Input data
--- --- ---
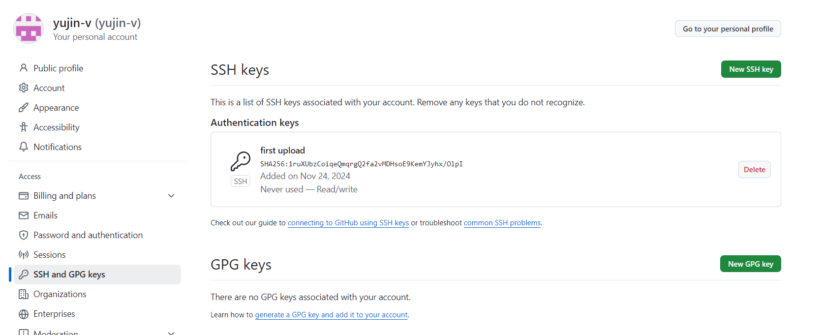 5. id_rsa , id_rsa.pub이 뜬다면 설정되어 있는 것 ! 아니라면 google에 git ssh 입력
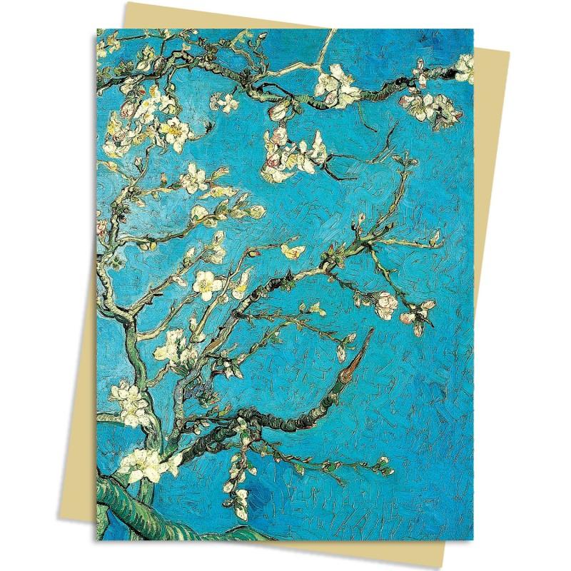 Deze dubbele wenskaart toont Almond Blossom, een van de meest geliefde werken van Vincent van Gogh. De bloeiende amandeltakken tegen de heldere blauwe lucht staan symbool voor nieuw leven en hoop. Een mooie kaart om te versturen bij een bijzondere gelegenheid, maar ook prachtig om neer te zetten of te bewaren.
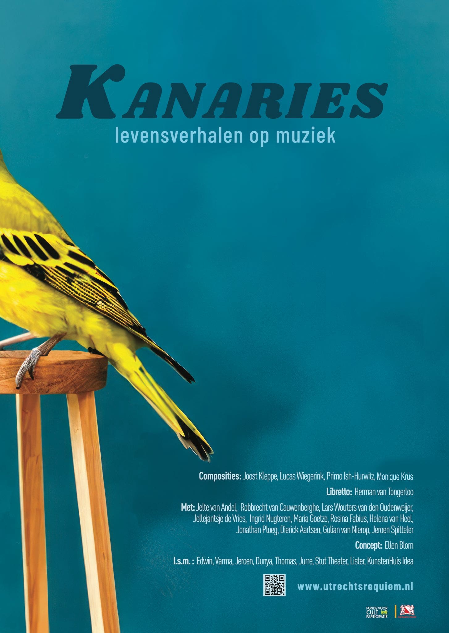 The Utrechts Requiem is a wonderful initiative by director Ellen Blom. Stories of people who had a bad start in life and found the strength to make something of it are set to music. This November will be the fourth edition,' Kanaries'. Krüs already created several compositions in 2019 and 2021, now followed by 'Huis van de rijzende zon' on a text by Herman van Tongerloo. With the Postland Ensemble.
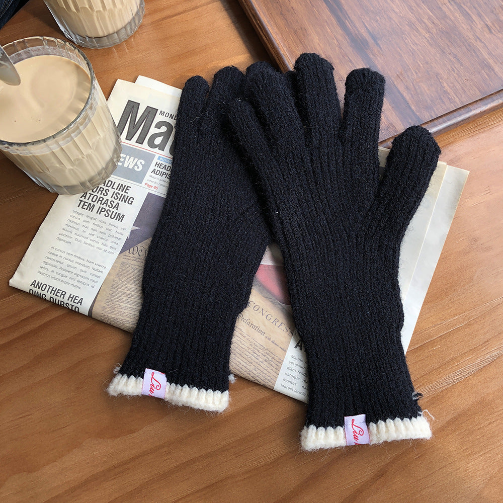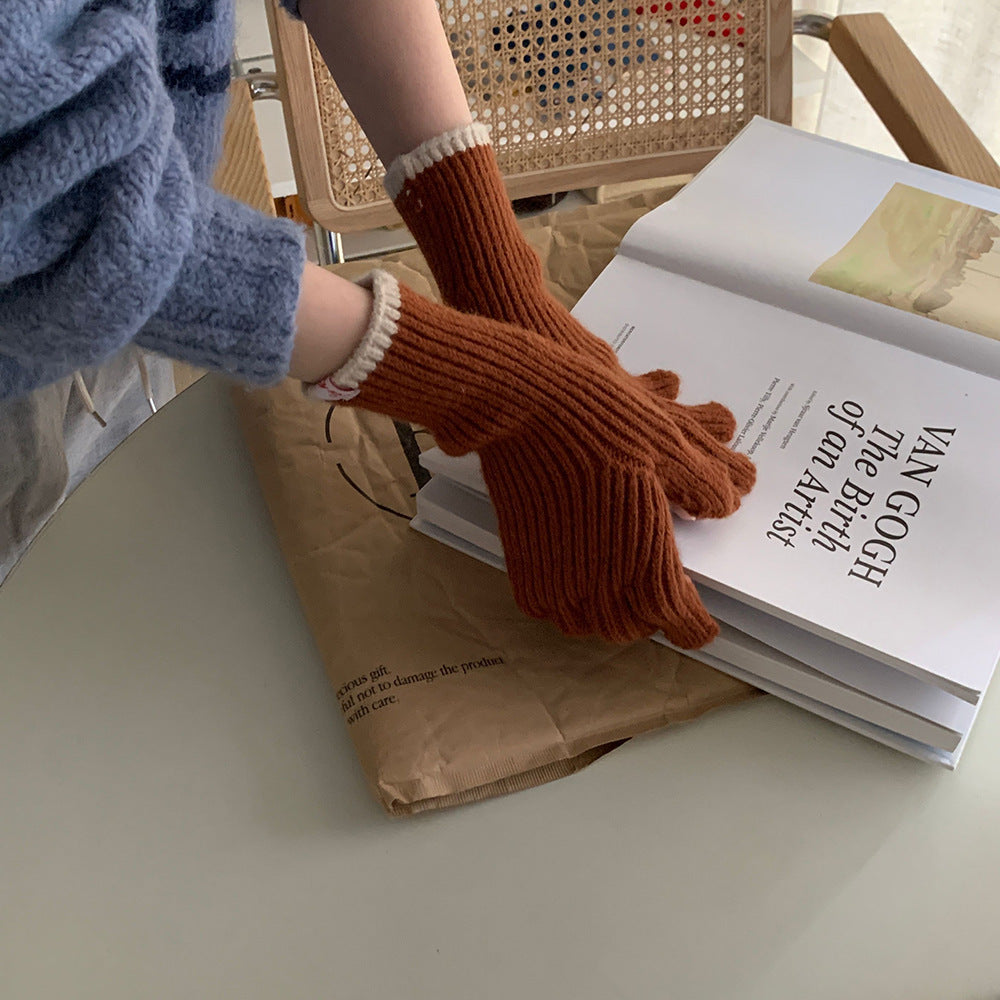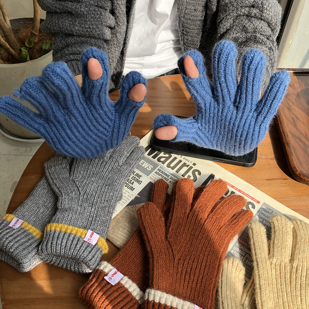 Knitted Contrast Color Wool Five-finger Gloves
--- --- ---
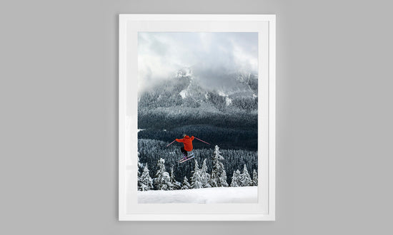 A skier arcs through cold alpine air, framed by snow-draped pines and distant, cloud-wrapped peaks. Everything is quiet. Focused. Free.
--- --- ---
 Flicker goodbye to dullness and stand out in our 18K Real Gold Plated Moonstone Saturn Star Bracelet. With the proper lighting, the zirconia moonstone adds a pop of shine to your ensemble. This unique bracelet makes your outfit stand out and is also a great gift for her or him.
--- --- ---
Assigned task
Would you copy out, exactly and with no pictures, only the lines above from the one that contains "5. id_rsa , id_rsa.pub이" through the one that contains "Deze dubbele wenskaart"?

Solution for this problem
 5. id_rsa , id_rsa.pub이 뜬다면 설정되어 있는 것 ! 아니라면 google에 git ssh 입력
 Deze dubbele wenskaart toont Almond Blossom, een van de meest geliefde werken van Vincent van Gogh. De bloeiende amandeltakken tegen de heldere blauwe lucht staan symbool voor nieuw leven en hoop. Een mooie kaart om te versturen bij een bijzondere gelegenheid, maar ook prachtig om neer te zetten of te bewaren.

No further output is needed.